DATA BELOW: Begin
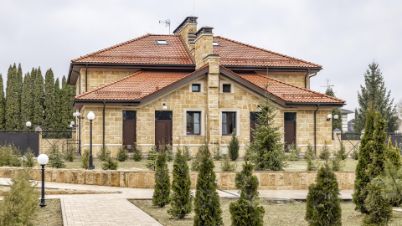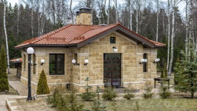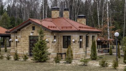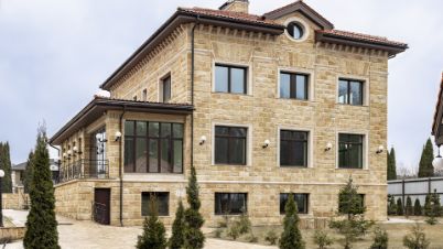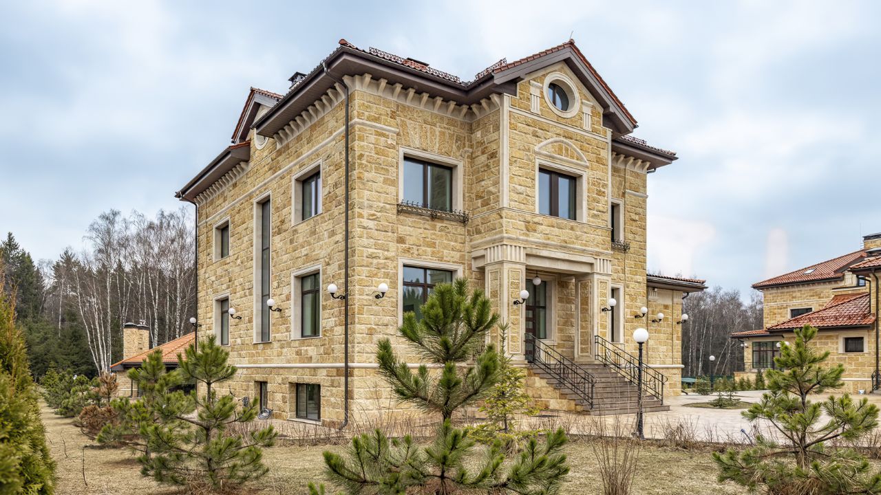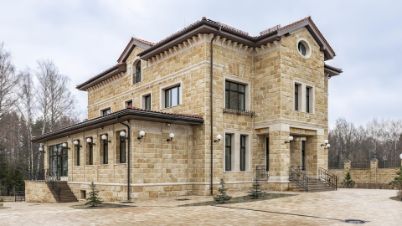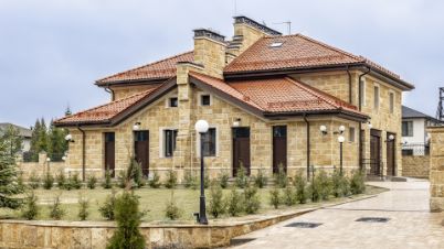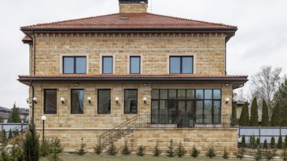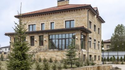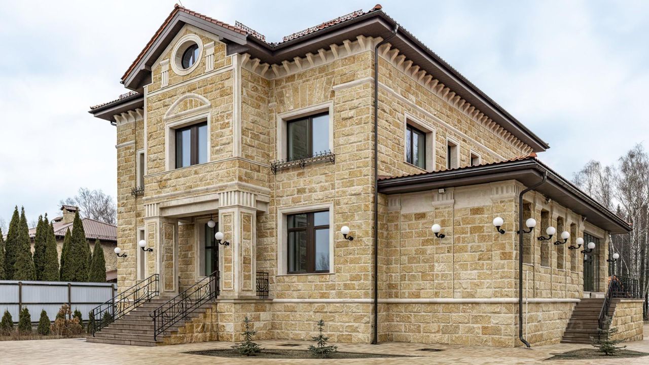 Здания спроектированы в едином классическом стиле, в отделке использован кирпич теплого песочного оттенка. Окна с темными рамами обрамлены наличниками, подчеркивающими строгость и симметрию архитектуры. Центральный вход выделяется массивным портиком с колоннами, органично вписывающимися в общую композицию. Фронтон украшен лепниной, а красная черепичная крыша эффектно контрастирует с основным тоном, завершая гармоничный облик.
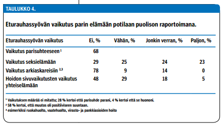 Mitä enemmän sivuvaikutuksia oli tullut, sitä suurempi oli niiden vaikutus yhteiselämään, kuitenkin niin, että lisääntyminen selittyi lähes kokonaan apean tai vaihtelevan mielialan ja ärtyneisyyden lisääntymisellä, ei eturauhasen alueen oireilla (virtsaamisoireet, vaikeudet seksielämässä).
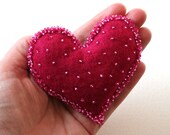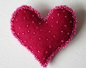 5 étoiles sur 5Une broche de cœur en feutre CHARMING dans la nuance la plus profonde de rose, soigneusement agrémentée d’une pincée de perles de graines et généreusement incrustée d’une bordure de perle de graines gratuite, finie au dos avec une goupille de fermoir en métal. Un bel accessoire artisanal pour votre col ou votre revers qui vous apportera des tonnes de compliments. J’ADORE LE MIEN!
DATA BELOW: End
With pictures left out, extract the lines from the one containing "Mitä enemmän sivuvaikutuksia" to the end of the material above, both included, exactly as written.

TASK SOLUTION
 Mitä enemmän sivuvaikutuksia oli tullut, sitä suurempi oli niiden vaikutus yhteiselämään, kuitenkin niin, että lisääntyminen selittyi lähes kokonaan apean tai vaihtelevan mielialan ja ärtyneisyyden lisääntymisellä, ei eturauhasen alueen oireilla (virtsaamisoireet, vaikeudet seksielämässä).
 5 étoiles sur 5Une broche de cœur en feutre CHARMING dans la nuance la plus profonde de rose, soigneusement agrémentée d’une pincée de perles de graines et généreusement incrustée d’une bordure de perle de graines gratuite, finie au dos avec une goupille de fermoir en métal. Un bel accessoire artisanal pour votre col ou votre revers qui vous apportera des tonnes de compliments. J’ADORE LE MIEN!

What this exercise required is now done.